L2 — Live SERP (3rd-party measured, point-in-time) → via 20-seo-serp-analysis
- Geo-correct Google render via
claude-in-chrome(navigate→read_page): forcegl/hl+ correct geo,pws=0; decline precise-location prompts. Confirm whether the domain actually holds the claimed position; capture the feature landscape (ads, local map-pack, PAA, knowledge panel) that explains why a brand site can't own a head term. - Cheap rank spot-check:
mcp__ourseo__check_serp(keyword, domain). - [KR market] Naver SERP composition:
our research naver serp(blog / cafe / 지식iN / Smart Store / brand zone) — Semrush/Ahrefs don't model Naver.
L3 — Entity / Knowledge Graph → via 28-seo-knowledge-graph
A real impact event should leave corroborating traces in the entity layer, not just a rank number. Five checks:
- Google KG API entity match +
resultScore—mcp__ourseo__search_knowledge_graph(query)(usesGOOGLE_KG_API_KEY). - Wikidata QID presence + key claims — verify the QID against
Special:EntityData/{Q}.jsonlabels before trusting it (false-match guard: Q109455878 = office tower ≠ hotel; Q490787 = Shinsegae Inc. ≠ Group). - Knowledge Panel presence/attributes on the live entity-name SERP (Chrome).
- sameAs consistency on the entity's
Organization/PersonJSON-LD. - [KR] Naver 백과사전 / 지식iN presence.
mcp__ourseo__monitor_brand supplements with brand-mention / brand-SERP ownership.

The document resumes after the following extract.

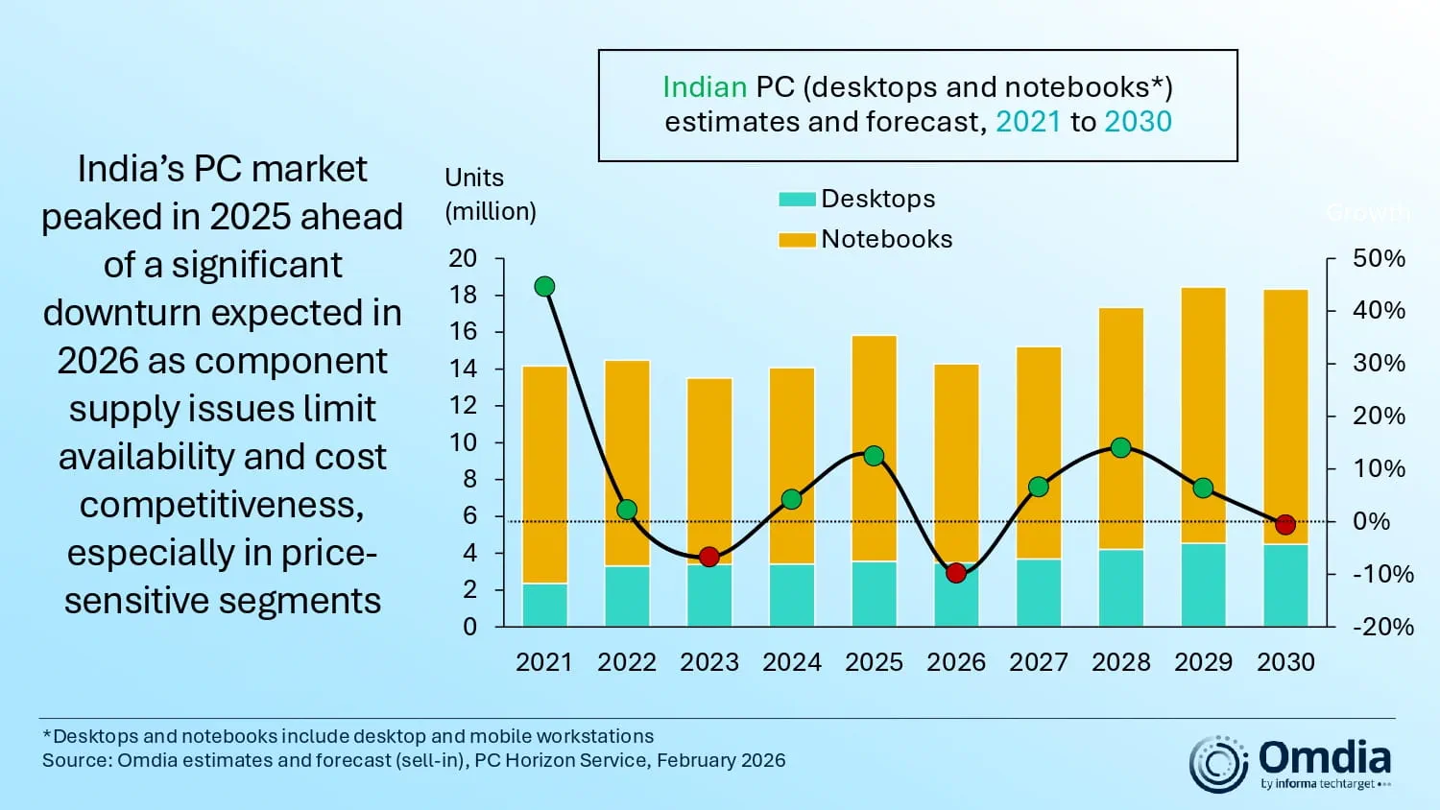 Omdia:印度 2025 年 PC 出货增长 12.5%,但 2026 年预计衰退 9.8%

L4 — Attribution synthesis
Cross-check: does the measured delta (L1) corroborate the live reality (L2), and does the entity layer (L3) move consistently? The query-clicks delta names the true drivers (brand/seasonal vs the claimed term).
Verdict
| Verdict | Condition |
|---|---|
| CONFIRMED | Measured + live + (where relevant) entity all corroborate movement attributable to the term/intent |
| PARTIAL | Real movement, but misattributed, or only some layers agree |
| ARTIFACT | Modeling/snapshot artifact — measured + live reality don't support it |
| INCONCLUSIVE | Insufficient data (query anonymized, GSC lag, no entity baseline, third-party entity with no measured access) — name what's missing + how to resolve |
Confidence cap: third-party entities (no L1) cannot reach CONFIRMED on traffic claims — at most PARTIAL; ARTIFACT only when live+entity clearly contradict.
Every verdict ships an evidence ledger (per layer: finding + data-trust tier + corroborates/contradicts) and a client-safe narrative (the defensible story).
Standing skepticism rules
- Estimated organic traffic = smoke-detector, not scale (Σ est-volume × position-CTR curve).
- Head-term over-fire: one high-volume keyword at an estimated high rank inflates the whole modeled number.
- KR Naver blind spot: Semrush models Google only; misses much of Korean organic.
- Single-geo/device snapshot diverges from GSC's national average.
- Trust hierarchy: 1st-party measured > 3rd-party measured > 3rd-party modeled.
Output
- Always: inline report — verdict + evidence ledger + client-safe narrative + "what would raise confidence."
- Optional: archive to Notion Working with AI DB (
data_source_id f8f19ede-32bd-43ac-9f60-0651f6f40afe) via the notion-writer script (never Notion MCP write). Type=Memo/Research, Topic=SEO, Account Code as relevant. - Optional: if a new generalizable gotcha emerges, append a memory entry to the active workspace's memory dir.
Non-goals
No cron/scheduler, no snapshot DB, no new directories. Does not replace the three instrument skills. Returns INCONCLUSIVE rather than fabricating when data is thin. Never crawls/audits Marriott for JHR (sameAs only).